Let’s use the order of operations correctly and rephrase our query. Note the parentheses now before Age > 40 and after Age < 10. Note also that the & is before the parentheses.
df.query("Pclass == 3 & Survived == 1 & (Age > 40 | Age < 10)")

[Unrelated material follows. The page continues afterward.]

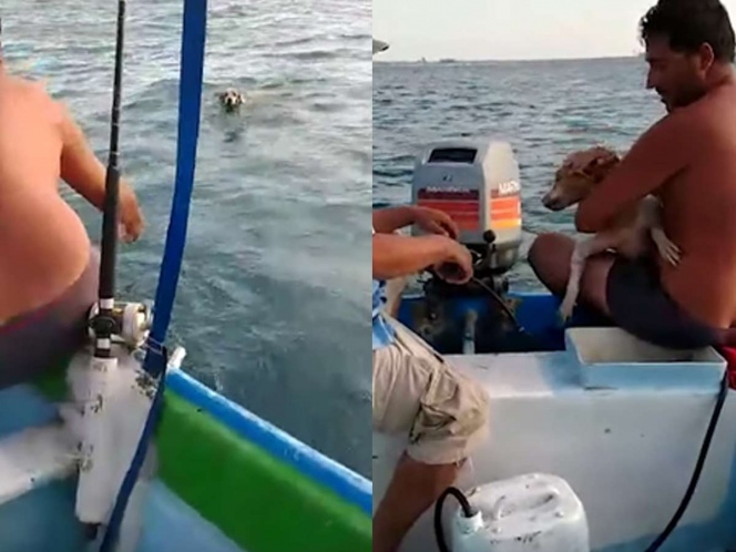 Los hombres iban en su lancha cuando vieron a lo lejos a un perrito que nadaba sin rumbo, muy lejos de la orilla y que necesitaba ayuda

PassengerId | Survived | Pclass | Name | Sex | Age | SibSp | Parch | Ticket | Fare | Cabin | Embarked | |
---|---|---|---|---|---|---|---|---|---|---|---|---|
10 | 11 | 1 | 3 | Sandstrom, Miss. Marguerite Rut | female | 4.00 | 1 | 1 | PP 9549 | 16.7000 | G6 | S |
165 | 166 | 1 | 3 | Goldsmith, Master. Frank John William "Frankie" | male | 9.00 | 0 | 2 | 363291 | 20.5250 | NaN | S |
172 | 173 | 1 | 3 | Johnson, Miss. Eleanor Ileen | female | 1.00 | 1 | 1 | 347742 | 11.1333 | NaN | S |
184 | 185 | 1 | 3 | Kink-Heilmann, Miss. Luise Gretchen | female | 4.00 | 0 | 2 | 315153 | 22.0250 | NaN | S |
233 | 234 | 1 | 3 | Asplund, Miss. Lillian Gertrud | female | 5.00 | 4 | 2 | 347077 | 31.3875 | NaN | S |
261 | 262 | 1 | 3 | Asplund, Master. Edvin Rojj Felix | male | 3.00 | 4 | 2 | 347077 | 31.3875 | NaN | S |
338 | 339 | 1 | 3 | Dahl, Mr. Karl Edwart | male | 45.00 | 0 | 0 | 7598 | 8.0500 | NaN | S |
348 | 349 | 1 | 3 | Coutts, Master. William Loch "William" | male | 3.00 | 1 | 1 | C.A. 37671 | 15.9000 | NaN | S |
381 | 382 | 1 | 3 | Nakid, Miss. Maria ("Mary") | female | 1.00 | 0 | 2 | 2653 | 15.7417 | NaN | C |
414 | 415 | 1 | 3 | Sundman, Mr. Johan Julian | male | 44.00 | 0 | 0 | STON/O 2. 3101269 | 7.9250 | NaN | S |
448 | 449 | 1 | 3 | Baclini, Miss. Marie Catherine | female | 5.00 | 2 | 1 | 2666 | 19.2583 | NaN | C |
469 | 470 | 1 | 3 | Baclini, Miss. Helene Barbara | female | 0.75 | 2 | 1 | 2666 | 19.2583 | NaN | C |
479 | 480 | 1 | 3 | Hirvonen, Miss. Hildur E | female | 2.00 | 0 | 1 | 3101298 | 12.2875 | NaN | S |
483 | 484 | 1 | 3 | Turkula, Mrs. (Hedwig) | female | 63.00 | 0 | 0 | 4134 | 9.5875 | NaN | S |
489 | 490 | 1 | 3 | Coutts, Master. Eden Leslie "Neville" | male | 9.00 | 1 | 1 | C.A. 37671 | 15.9000 | NaN | S |
644 | 645 | 1 | 3 | Baclini, Miss. Eugenie | female | 0.75 | 2 | 1 | 2666 | 19.2583 | NaN | C |
691 | 692 | 1 | 3 | Karun, Miss. Manca | female | 4.00 | 0 | 1 | 349256 | 13.4167 | NaN | C |
751 | 752 | 1 | 3 | Moor, Master. Meier | male | 6.00 | 0 | 1 | 392096 | 12.4750 | E121 | S |
777 | 778 | 1 | 3 | Emanuel, Miss. Virginia Ethel | female | 5.00 | 0 | 0 | 364516 | 12.4750 | NaN | S |
788 | 789 | 1 | 3 | Dean, Master. Bertram Vere | male | 1.00 | 1 | 2 | C.A. 2315 | 20.5750 | NaN | S |
803 | 804 | 1 | 3 | Thomas, Master. Assad Alexander | male | 0.42 | 0 | 1 | 2625 | 8.5167 | NaN | C |
869 | 870 | 1 | 3 | Johnson, Master. Harold Theodor | male | 4.00 | 1 | 1 | 347742 | 11.1333 | NaN | S |
This is why query is such a powerful function in Pandas. You can do a lot with a single string. There are other ways to achieve this same result, but if your question cna be entirely phrased as a series of comparison operators (equal to, less than, etc.), then Query is likely the best option.